Entries taken from a collection:
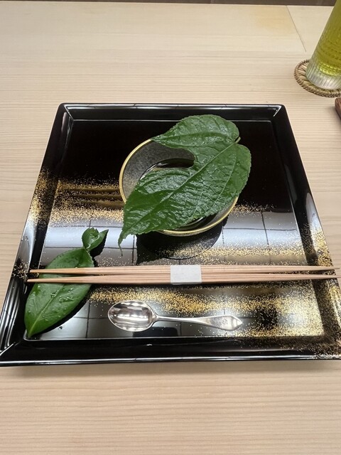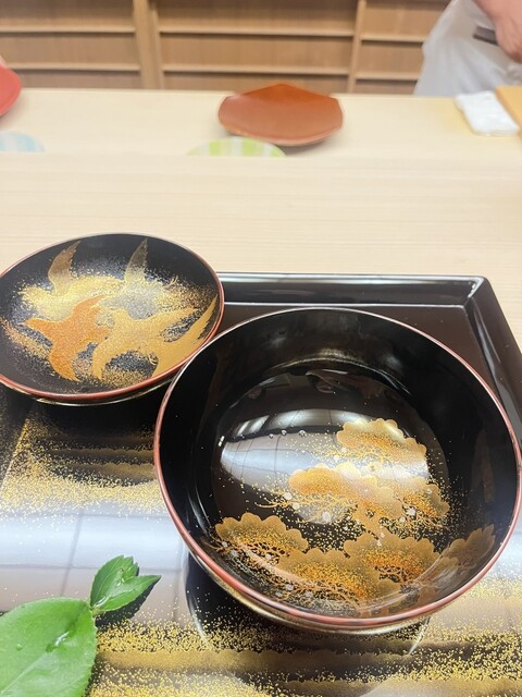 お料理は美しい五色寄せで視覚も口の中も涼やかなはじまりに。金魚葉椿のお箸置きが素敵でした
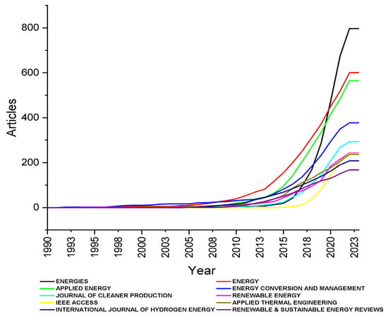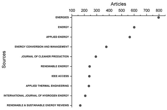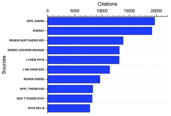 With a significant expression in the last 5 years, these journals with the largest number of documents published have been seeing a steady growth in their number of local citations, with special significance to Applied Energy, with a number of local citations 19,685; followed by Energy, with a number of local citations 19,170; followed by Renewable and Sustainable Energy Reviews, with 13,887 citations; and Energy Conversion and Management, with 13,183 local citations, as shown in Figure 6.
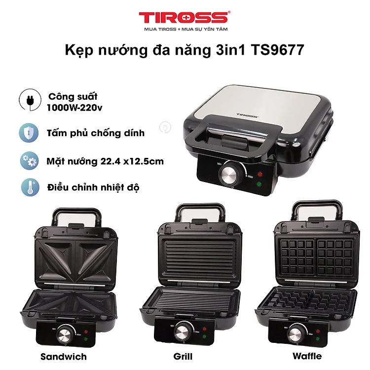 Kẹp nướng sandwich TIROSS 3 trong 1 TS9677 - Hàng chính hãng
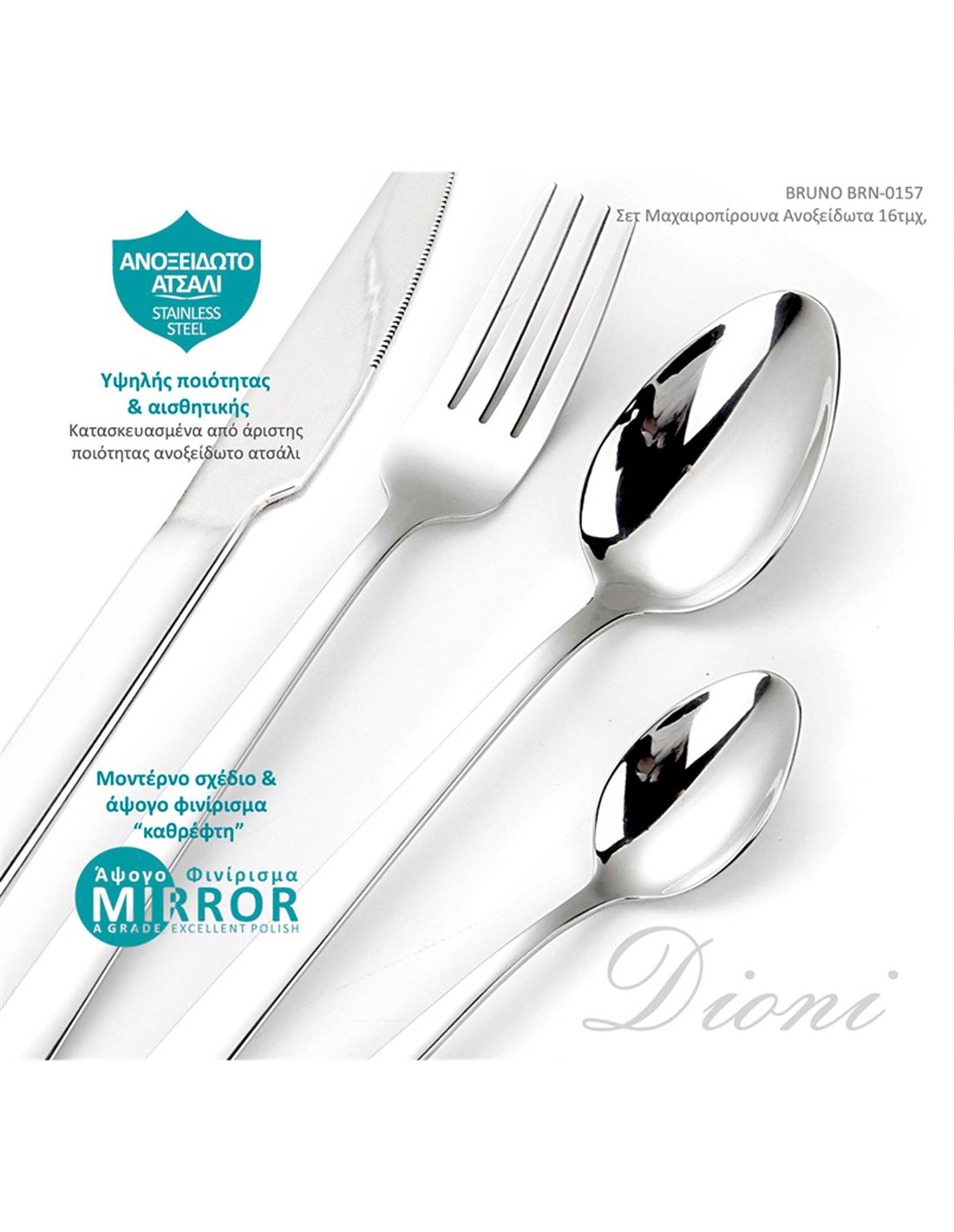Σετ μαχαιροπίρουνα 16 τεμαχίων Dioni από την Bruno, υψηλής ποιότητας και αισθητικής, κατασκευασμένα από άριστης ποιότητας ανοξείδωτο ατσάλι σε μοντέρνο σχέδιο και άψογο φινίρισμα "καθρέφτη".
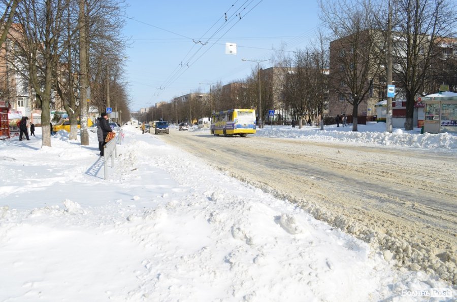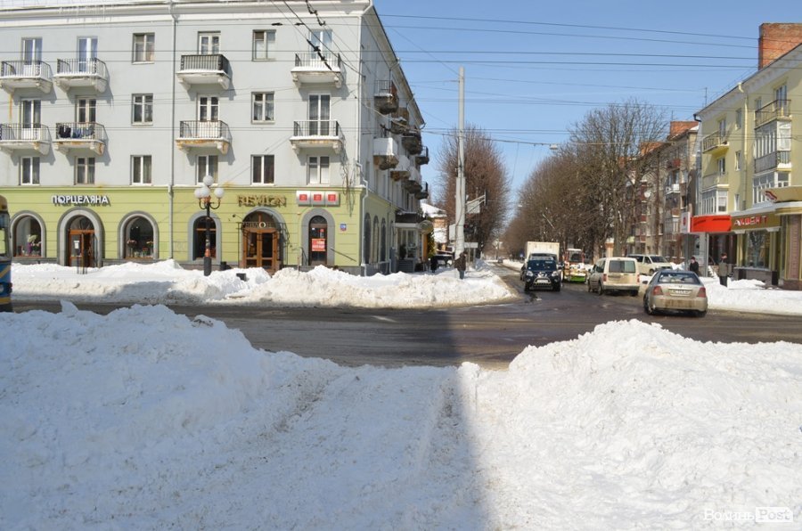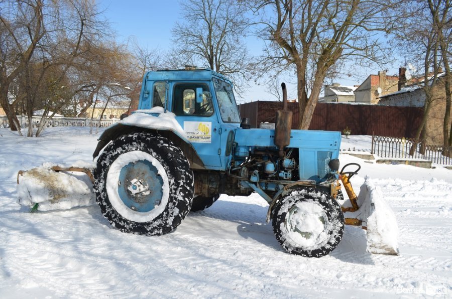 Техніки та працівників житлово-комунальних підприємств на вулицях не дуже багато. Навіть на Театральний майдан поки не відчищений від снігу.
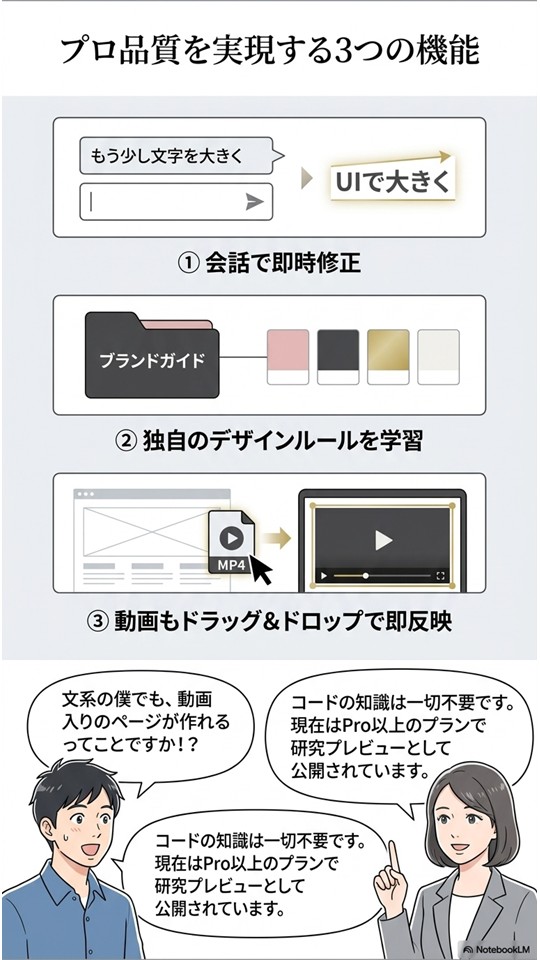 - デザインの知識ゼロでも、会話だけでプロ級のWebページが作れる

What to work on:
All the lines above are to be given again exactly as they read, with the pictures removed.

Answer:
 お料理は美しい五色寄せで視覚も口の中も涼やかなはじまりに。金魚葉椿のお箸置きが素敵でした
 With a significant expression in the last 5 years, these journals with the largest number of documents published have been seeing a steady growth in their number of local citations, with special significance to Applied Energy, with a number of local citations 19,685; followed by Energy, with a number of local citations 19,170; followed by Renewable and Sustainable Energy Reviews, with 13,887 citations; and Energy Conversion and Management, with 13,183 local citations, as shown in Figure 6.
 Kẹp nướng sandwich TIROSS 3 trong 1 TS9677 - Hàng chính hãng
Σετ μαχαιροπίρουνα 16 τεμαχίων Dioni από την Bruno, υψηλής ποιότητας και αισθητικής, κατασκευασμένα από άριστης ποιότητας ανοξείδωτο ατσάλι σε μοντέρνο σχέδιο και άψογο φινίρισμα "καθρέφτη".
 Техніки та працівників житлово-комунальних підприємств на вулицях не дуже багато. Навіть на Театральний майдан поки не відчищений від снігу.
 - デザインの知識ゼロでも、会話だけでプロ級のWebページが作れる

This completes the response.